- EXERCISE PROMPT -
Leaving out the pictures, write out exactly each line from the line with "這是我最看重的指標。股市可以" through the close of the listing below.

- THE DATA -

+++

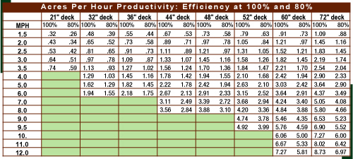 From the standpoint of efficient business practice, we’d like to suggest that you take a look at the productivity chart before you begin. This chart, courtesy of eXmark shows you the efficiency rates of mowers with different sized mowing decks. Two productivity ratings are shown, one at 100 percent and one at 80 percent efficiency. Many manufacturers use 100 percent efficiency ratings for sales purposes. EXmark believes that an 80 percent efficiency rating may be more representative of actual mowing conditions since it allows for turns and overlapping. We’ve put it here to give you an idea of how to calculate which size deck is most efficient for your various jobs. If taking man hours into consideration, it might help a contractor calculate what his needs are, and how to most effectively spend money on new or upgraded equipment.
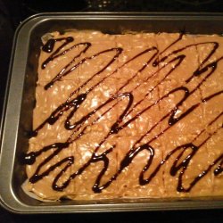 4While the cake bakes, place 2/3 cup sugar, evaporated milk, and butter in a saucepan. Bring to a boil, stirring constantly. Cook stirring for 2 minutes. Remove from heat and stir in the peanut butter, marshmallows and vanilla until marshmallows are melted and the mixture is smooth.
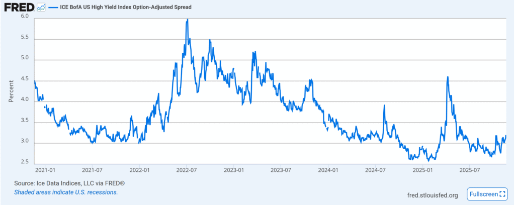 這是我最看重的指標。股市可以因為情緒而崩跌,但債市通常比較誠實。觀察「高收益債與公債的利差」。
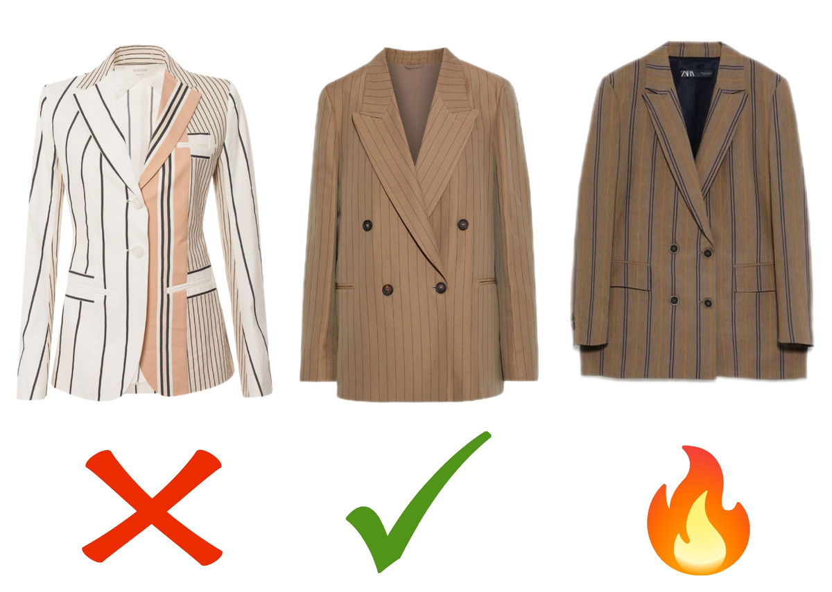 Рассмотрим пять универсальных вариантов, которые подойдут практически ко всему и подчеркнут вашу индивидуальность. Особое внимание уделим деталям, позволяющим легко различить классический стиль от устаревших и современных ультратрендовых решений. ❌Устарело: Комбинация различных видов полосок вместе с устаревшими силуэтами создаёт впечатление хаоса и безвкусицы. Такие решения делают образ визуально перегруженным и дешёвым, придавая ему налет старины. ✅База: Классический жакет обладает прямым кроем, спокойными оттенками и тонкой неконтрастной полоской. Такая одежда является фундаментом любого гардероба, легко комбинируется с разными вещами и подходит как для повседневной носки, так и для делового образа. 🔥Тренд: Настоящий хитом сезона стали яркие и контрастные полосы. Особенно актуально выглядит вертикальная полоска в виде штрих-кода, придающая образу футуристичность и динамичность. Такой акцент сделает ваш наряд актуальным и современным, притягивая взгляды окружающих своей необычностью

+++

- EXPECTED OUTPUT -
 這是我最看重的指標。股市可以因為情緒而崩跌,但債市通常比較誠實。觀察「高收益債與公債的利差」。
 Рассмотрим пять универсальных вариантов, которые подойдут практически ко всему и подчеркнут вашу индивидуальность. Особое внимание уделим деталям, позволяющим легко различить классический стиль от устаревших и современных ультратрендовых решений. ❌Устарело: Комбинация различных видов полосок вместе с устаревшими силуэтами создаёт впечатление хаоса и безвкусицы. Такие решения делают образ визуально перегруженным и дешёвым, придавая ему налет старины. ✅База: Классический жакет обладает прямым кроем, спокойными оттенками и тонкой неконтрастной полоской. Такая одежда является фундаментом любого гардероба, легко комбинируется с разными вещами и подходит как для повседневной носки, так и для делового образа. 🔥Тренд: Настоящий хитом сезона стали яркие и контрастные полосы. Особенно актуально выглядит вертикальная полоска в виде штрих-кода, придающая образу футуристичность и динамичность. Такой акцент сделает ваш наряд актуальным и современным, притягивая взгляды окружающих своей необычностью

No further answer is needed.